The chief advantage of the Chilled Beam is energy efficiency -with cooling the more expensive aspect of air conditioning, particularly in commercial buildings with their high solar gains through large windows and high generation of heat from large inhabitant densities and large volumes of modern computer and electronic equipment. Water is a more efficient medium of thermal energy transfer than air. By moving the source of cooling closer to the room and managing the temperature of each room independently a much higher energy efficiency is achieved than possible by cooling from a central point in a building and conveying it by air.

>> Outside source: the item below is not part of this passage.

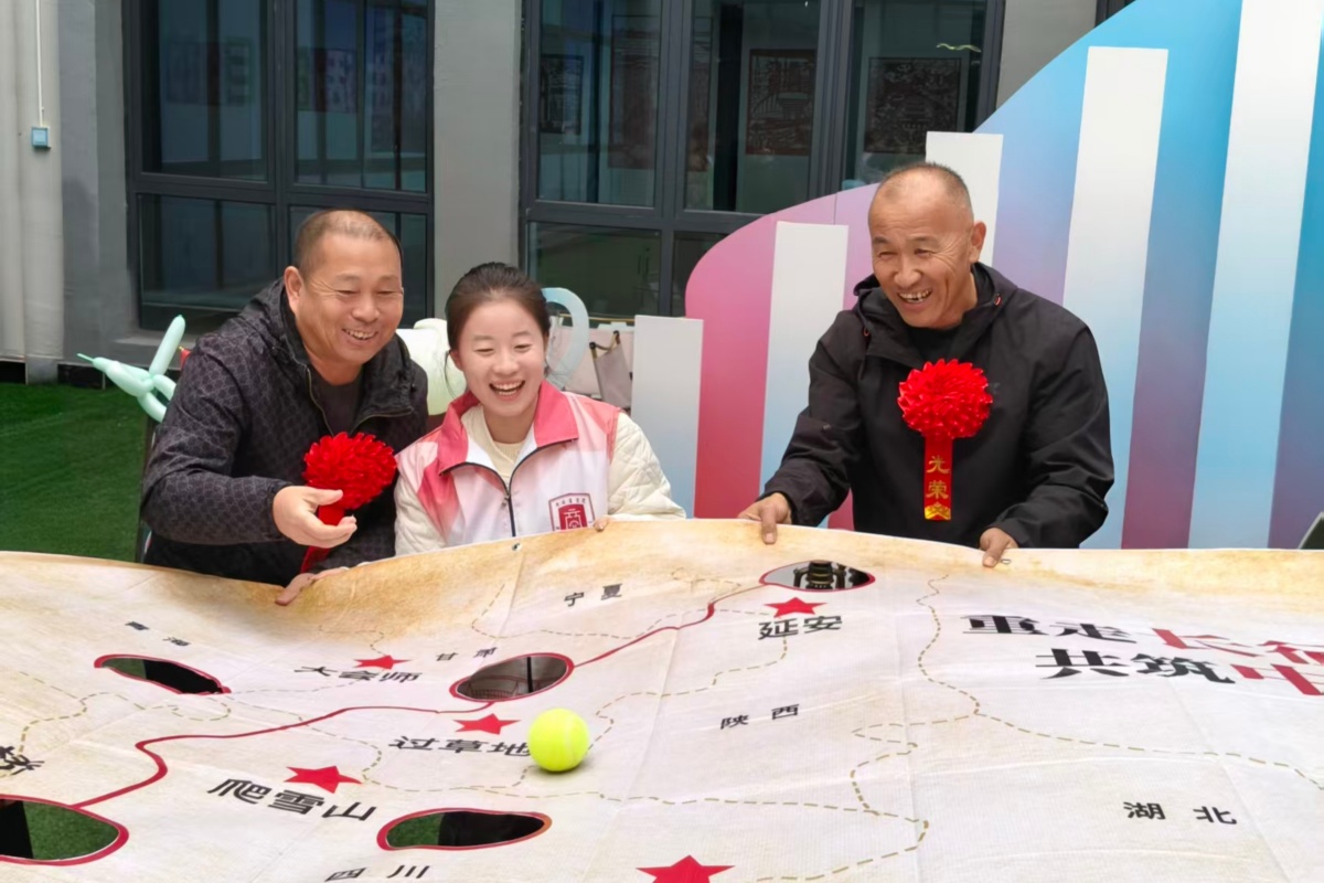 当“叔叔辈”的退伍老兵遇上青春洋溢的大学生志愿者会擦出怎样的火花,一场“编草鞋、打绑腿”活动在校园里火热上演。退伍老兵们化身为“最强导师团”,手把手教大学生志愿者们编草鞋、打绑腿。别看这些叔叔辈的前辈们平时可能有点“严肃脸”,但一上手,那娴熟的技艺简直让人“秒变迷弟迷妹”。而大学生们呢。也从一开始的“手忙脚乱”“状况百出”,到后来逐渐“渐入佳境”,那认真学习的样子,仿佛在说:“我们00后也是很能吃苦的!”这是一次跨越代际的“精神传承”。前辈们用行动告诉年轻人什么是“坚韧不拔”,什么是“艰苦奋斗”。而大学生们也用热情回应着前辈,“重走长征路”小游戏更是玩得热火朝天,志愿者和这群戎光前辈们凑在一张长征路地图前,盯着地图上的红星节点,小心翼翼用球沿着“长征线”往前走,生怕球掉下去“闯关失败”,一来一回间,连紧张感都变成了默契。这场活动让青春与岁月交织出了最美的篇章。

The Utilihab Chilled Beam system is based on register units sized according to the standard ceiling grid dimensions. They are designed in two basic types to integrate with the primary plenum and smaller distribution tubing of the Mini-Duct High-Velocity HVAC system. The smaller low profile unit is designed for corner and perimeter ceiling panel installation and takes the place of a conventional outlet port on small distribution tubing. Several would be used in a large room and this is the only type suited to buildings based on the light Primary profile framing -though in general such structures may be better served by Mini-Split systems. It is an adaptation of the Utilihab Mini-Split ceiling register. The large area register is designed for central and perimeter ceiling positions and integrates to the primary plenum tubing in the HVAC network. It may be several meters long. One of these registers will typically handle a fairly large room.
Utilihab Chilled Beam units must be combined with active dehumidification in the Air Handler Unit of the Mini-Duct HVAC system and active dew-point monitoring by its microcontroller. This is necessary as the units rely entirely on this to prevent condensation.